Something I've been interested in for quite some time is the metadata embedded in various file formats used on Windows systems, and this interest has cracked the shell a bit in more than a few cases, and given me just a peak inside of what may be going on when someone creates a file for malicious purposes. I've not only been able to pull apart OLE format MS documents (MS Word .doc files), but also the OLE objects embedded inside the newer .docx format files.
One tool I like to use is Didier Stevens' oledump.py, in part because it provides a great deal of functionality, particularly where it will decompress VBA macros. However, I will also use my own OLE parser, because it pulls some metadata that I tend to find very useful when developing a view into an adversary's activities.
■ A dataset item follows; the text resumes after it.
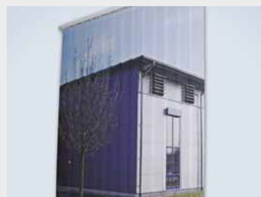
Vertical Blind louvres are suitable for digital printing as well.

Also, there is the potential for additional data to be extracted from areas that other tools simply do not address.
An example of simply metadata extraction came from the Mia Ash persona that Allison Wickoff (an excellent intel analyst at SecureWorks) unraveled. I didn't have much at all to do with the amazing work that Allison did...all I did was look at the metadata associated with a document sent to the victims. However, from that small piece of information came some pretty amazing insights.
Another, much older example of how metadata can be extracted and used comes from the Blair case. That's all I'll say about that one.
Another file format that I've put some work into understanding and unraveling is the LNK file format, which MS has done a very good job of documenting.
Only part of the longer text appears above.